Parameter	Type	Description
`conversation_id`	string	Conversation UUID

Query Parameters:

Parameter	Type	Required	Default	Description
`user_id`	string	❌ No	"api-user"	User identifier for access control

Response:

{
  "id": "uuid",
  "title": "Conversation title",
  "provider": "groq",
  "model": "llama-3.1-70b-versatile",
  "created_at": "2024-01-15T10:00:00Z",
  "updated_at": "2024-01-15T10:30:00Z",
  "message_count": 5,
  "messages": [
    {
      "id": "msg-uuid-1",
      "role": "user",
      "content": "What is FastAPI?",
      "timestamp": "2024-01-15T10:00:00Z"
    },
    {
      "id": "msg-uuid-2",
      "role": "assistant",
      "content": "FastAPI is a modern web framework...",
      "timestamp": "2024-01-15T10:00:02Z"
    }
  ],
  "metadata": {
    "user_id": "my-user",
    "last_response_time_ms": 1234.5
  }
}

Example:

curl "http://localhost:8000/ai/conversations/CONVERSATION_ID?user_id=my-user"

Service Status

GET `/ai/health`

AI service health status and configuration.

Response:

{
  "service": "ai",
  "status": "healthy",
  "enabled": true,
  "provider": "groq",
  "model": "llama-3.1-70b-versatile",
  "agent_ready": true,
  "total_conversations": 42,
  "configuration_valid": true,
  "validation_errors": []
}

Status Values: - healthy - Service operational and properly configured - unhealthy - Configuration issues or service errors - error - Critical service failure

Example:

curl http://localhost:8000/ai/health | jq

GET `/ai/version`

Service version and feature information.

Response:

{
  "service": "ai",
  "engine": "pydantic-ai",
  "version": "1.0",
  "features": [
    "chat",
    "conversation_management",
    "multi_provider_support",
    "health_monitoring",
    "api_endpoints",
    "cli_commands"
  ],
  "providers_supported": [
    "openai",
    "anthropic",
    "google",
    "groq",
    "mistral",
    "cohere"
  ]
}

Example:

curl http://localhost:8000/ai/version | jq

Error Handling

HTTP Status Codes

Status	Description
200	Success
400	Bad request (invalid conversation_id, missing required fields)
403	Forbidden (conversation access denied)
404	Not found (conversation doesn't exist)
502	Bad gateway (AI provider error)
503	Service unavailable (AI service disabled or misconfigured)
500	Internal server error

Error Response Format

{
  "detail": "Error message description"
}

Common Errors

AI Service Disabled:

{
  "detail": "AI service error: AI service is disabled"
}

Missing API Key:

{
  "detail": "AI service error: Missing API key for openai provider.
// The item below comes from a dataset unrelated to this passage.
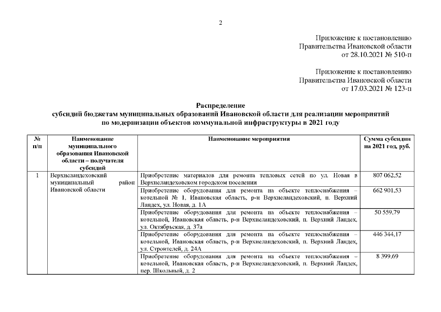 Постановление Правительства Ивановской области от 28.10.2021 N 510-п "О внесении изменения в постановление Правительства Ивановской области от 17.03.2021 N 123-п "О распределении субсидий бюджетам муниципальных образований Ивановской области для реализации мероприятий по модернизации объектов коммунальной инфраструктуры в 2021 году"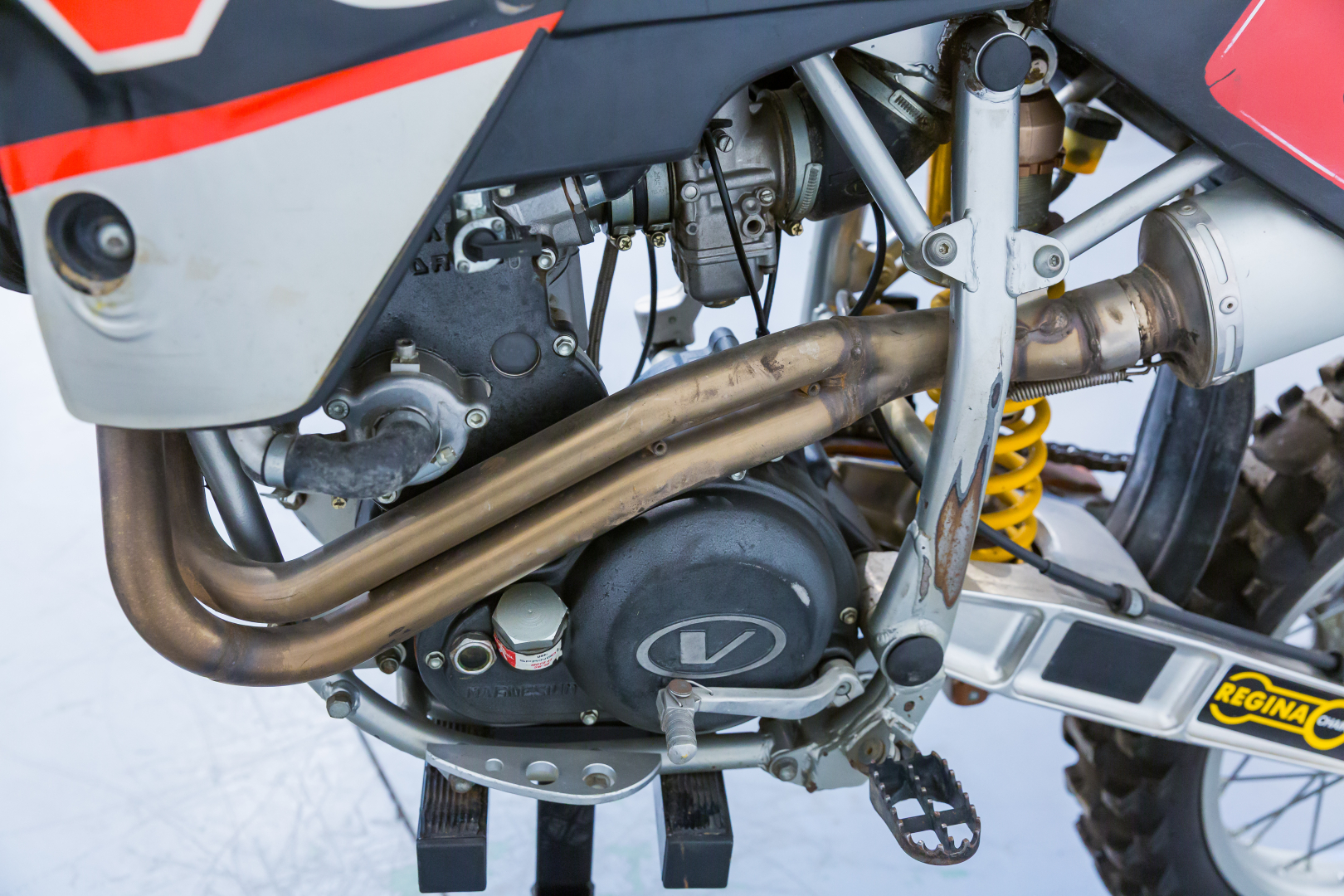 Azienda italiana fondata a Milano dai fratelli Vertemati, la VOR è sempre stata sinonimo di raffinatezza nella componentistica e prestazioni al vertice delle varie categorie. Il 400 cross è dotato di un potentissimo propulsore monocilindrico a 4 tempi, con raffreddamento a liquido, carter laterali in magnesio. Telaio tubolare a doppia culla continua in acciaio, la ciclistica è dotata di una forcella teleidraulica anteriore e al posteriore un raffinato forcellone in alluminio con monoammortizzatore Ohlins e leveraggi per assicurarne l’azione progressiva, completa la dotazione una coppia di generosi e potenti freni a disco a comando idraulico. Completa, in buone condizioni. Si consiglia un controllo generale prima dell’utilizzo.

Set OPENAI_API_KEY environment variable."
}

Provider Error:

{
  "detail": "AI provider error: Rate limit exceeded"
}

Conversation Not Found:

{
  "detail": "Conversation error: Conversation abc-123 not found"
}

Access Denied:

{
  "detail": "Access denied"
}

Usage Analytics

GET `/ai/usage/stats`

Note

Requires database backend (ai[sqlite] or ai[postgres]). Not available with in-memory backend.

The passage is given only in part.